Dear gosh! I have programs in it that are vital to me and my business. I've been able to copy them into a writable CD, to say the least.

Programs are:
*Micrsoft Word
*Adobe Photoshop+Adobe Image Ready
*Nero
(...expensive crap :upset

Even with these programs safely copied into a writable CD, when I attempt to open them in my other computer, they refuse to open! Obviously, it has something to do with registr or security purposes. I remember have the cases for these programs with all that info in it, but I've lost them all when I moved into a new apartment.
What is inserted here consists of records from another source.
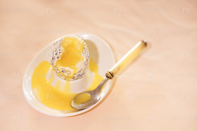 Яичный десерт с серебряной фольгой на белой тарелке, желтый соус мелькает вокруг, в сопровождении серебряной ложки на мягком пастельном фоне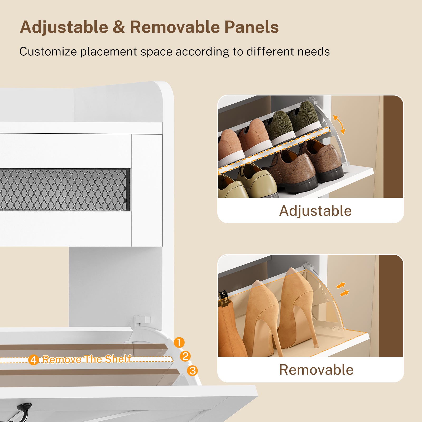 - 【Keep Your Shoes Neat & Odor-Free】The shoe cabinet features 2 flip drawers that can store 16-20 pairs of shoes. The shoes rack cabinet comes with 2 adjustable shelves, easily accommodating everything from flats to boots. The open-back design of the white shoe cabinet promotes air circulation inside, helping to prevent odors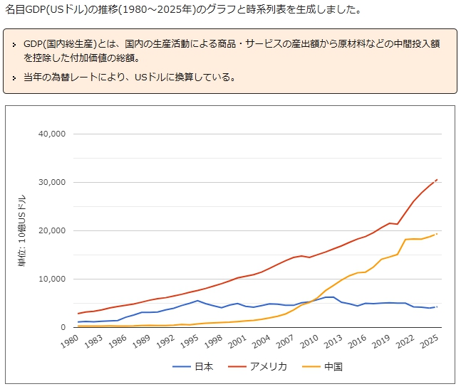 米国GDP、2000~2020年 約10兆ドルから20兆ドルへ、2倍に増える。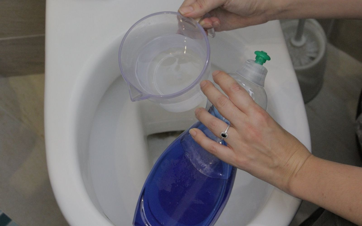 Для приготовления недорогого и эффективного чистящего средства потребуется всего два обычных ингредиента — жидкость для мытья посуды и горячая вода. Этот метод не только поможет избавиться от налета, но и сделает унитаз свежим и приятным на запах.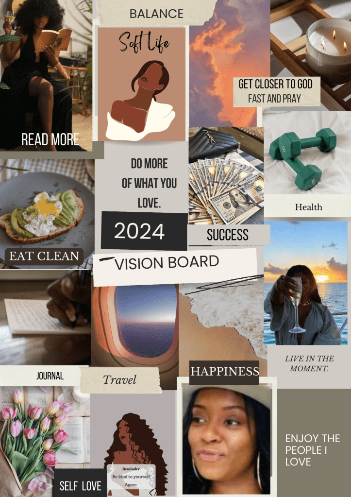 When I started the year, I didn’t want to do create a vision board because I had a few things I needed to complete from 2023. I also had some things I did not want to bring into 2024 that needed to be put into practice see post ( Things I am leaving in 2023).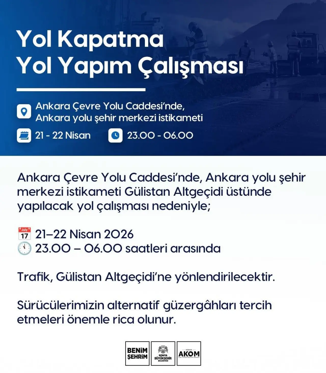 Konya AKOM, şehir trafiğini ilgilendiren önemli bir duyuru yaptı. Ankara Çevre Yolu Caddesi’nde gerçekleştirilecek yol yapım çalışmaları nedeniyle belirli saatlerde trafik akışında değişiklik yaşanacak.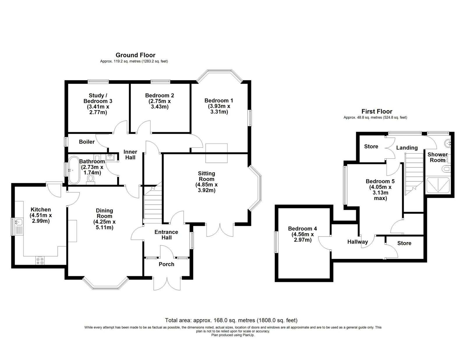 The spacious living accommodation comprises of a porch, entrance hall, sitting room, dining room, kitchen, three bedrooms and bathroom to the ground floor, along with a shower room and two further bedrooms to the first floor.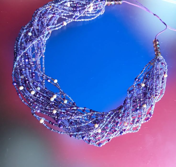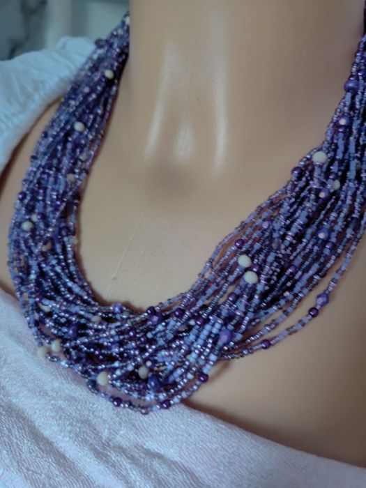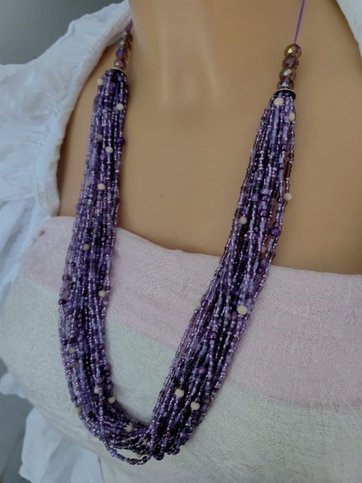 Naszyjnik z mixu koralików w odcieniach fioletu. Perełki fioletowe czeskie 3 i 5 mm, koraliki rurki, metalizowane drobinki 2 mm i wiele innych kolorystycznie pasujących do siebie koralików. Całość przełamują szklane kryształki w kolorze nude, a całości dopełniaja kryształki 8 mm szklane z efektem benzynki. Naszyjnik zrobiony jest na sznurku syntetycznym, mocnym, a zapięcie wyplecione ściegiem makramy co pozwala na dużą regulację objętości od 45 do 65 cm objetości, Szkło, sznurek syntetyczny, metalowe przekładki.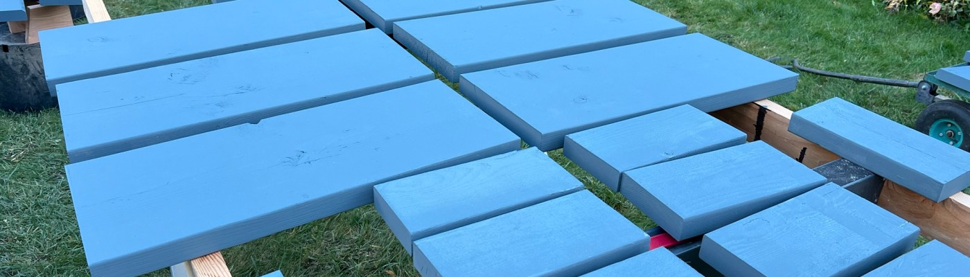 As Cas continued to cut the hundreds of individual pieces, I started to paint them as fast as I could go keep up, but there were lots of pieces that needed painting on all four sides.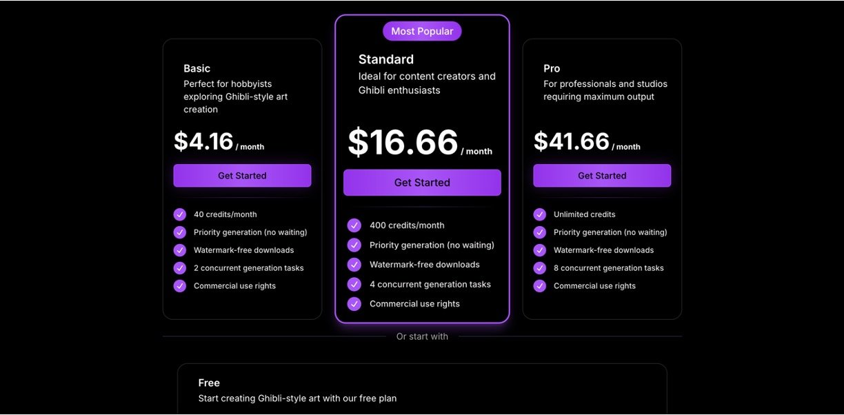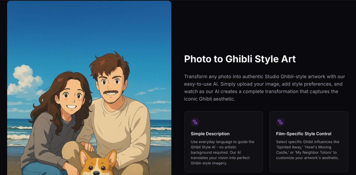 • Photo-to-Ghibli Style Transformation: Upload any image to instantly receive a richly detailed Studio Ghibli style artwork.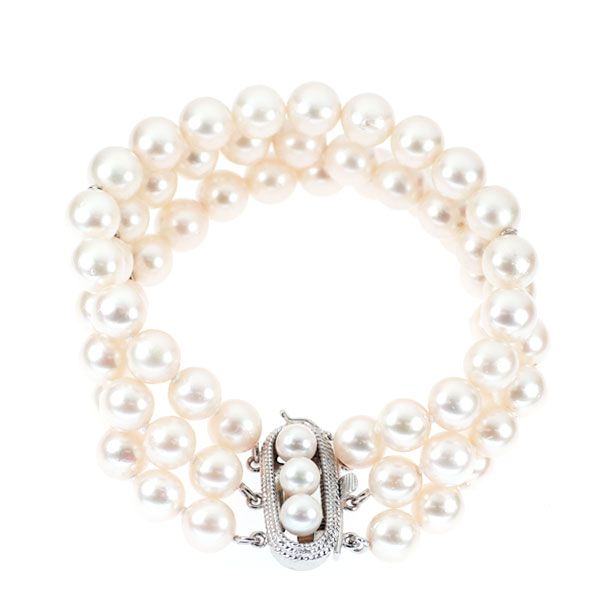 径約7.1-7.4mmのアコヤ真珠を贅沢に使用した、豪華なブレスレット。パールは、特有の地肌の荒れが僅かに確認できますが、ほのかにピンク味を帯びたテリのあるホワイトカラーのものがセレクトされています。たっぷりと敷き詰めた三列のラインがエレガント。ほどよい重厚感も魅力の、ラグジュアリーなパールジュエリーをお楽しみください。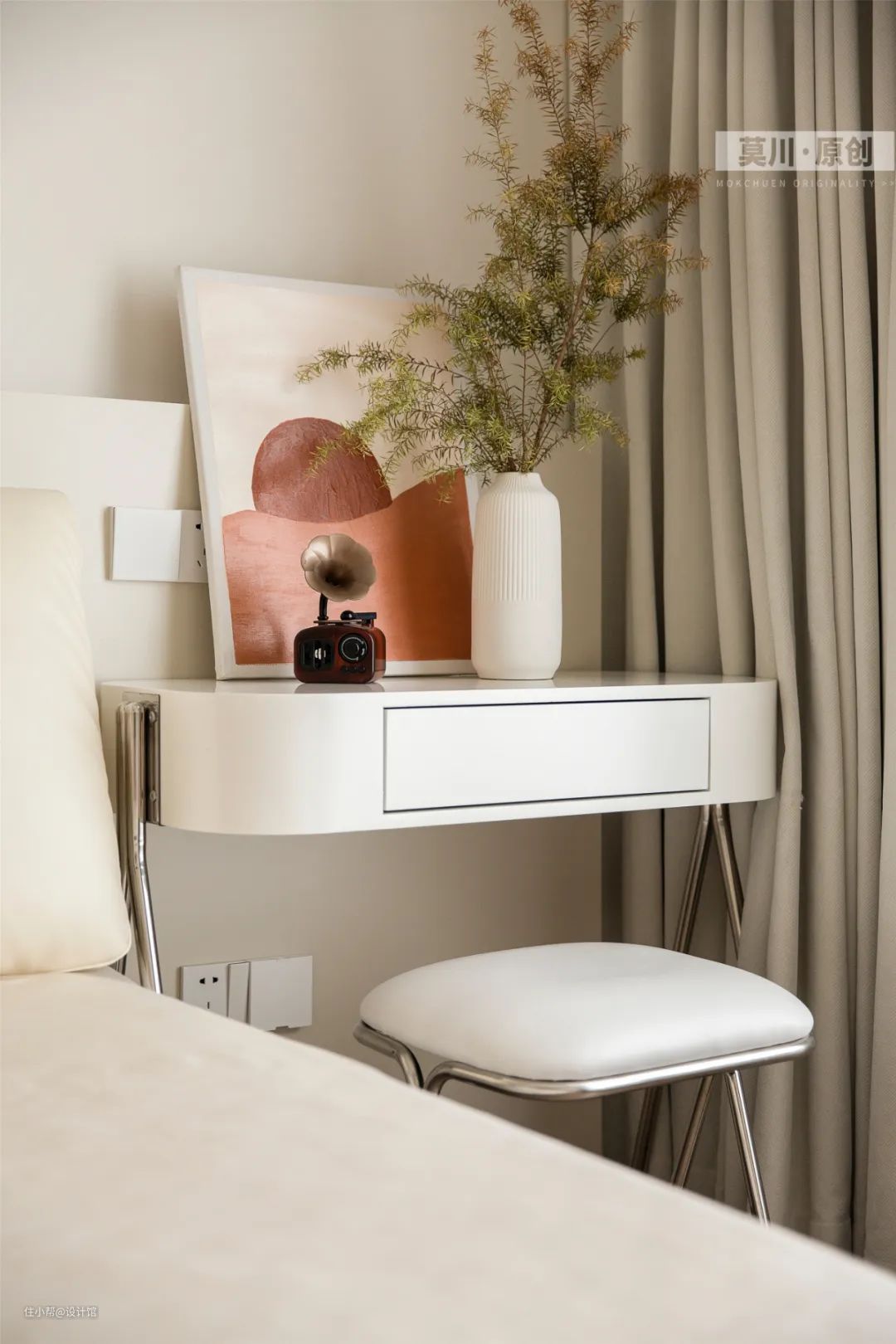▲一侧床头布置做梳妆台,加入装饰画、花瓶与复古摆件,显得实用而又雅致。

I'm a real rookie when it comes to computers, so I can handle jokes you may come up with. But can you help me? :4-dontkno


----------



## sobeit (Nov 11, 2007)

*Re: Transferring a Program to Another Computer.*

you cannot copy them, they must be reinstalled.


----------



## johnwill (Sep 26, 2002)

*Re: Transferring a Program to Another Computer.*

You need to install them from the installation media.


----------



## Mayhew` (Feb 11, 2008)

*Re: Transferring a Program to Another Computer.*

Rofl. Well that was simple o-O.
Now it felt like I just wasted your time. At the every least, you both have my thanks! <3:laugh:


----------



## johnwill (Sep 26, 2002)

*Re: Transferring a Program to Another Computer.*

You're welcome, sorry the news isn't better. :smile:


----------



## qnerve (Feb 29, 2008)

What about copying the whole drive to the next with "Acronis" or something like that?


----------



## johnwill (Sep 26, 2002)

That would also transfer the wrong hardware configuration to the other system with predictable results.


----------



## oldmn (Oct 16, 2005)

Not to mention the fact you would be taking all your current problems with you.


----------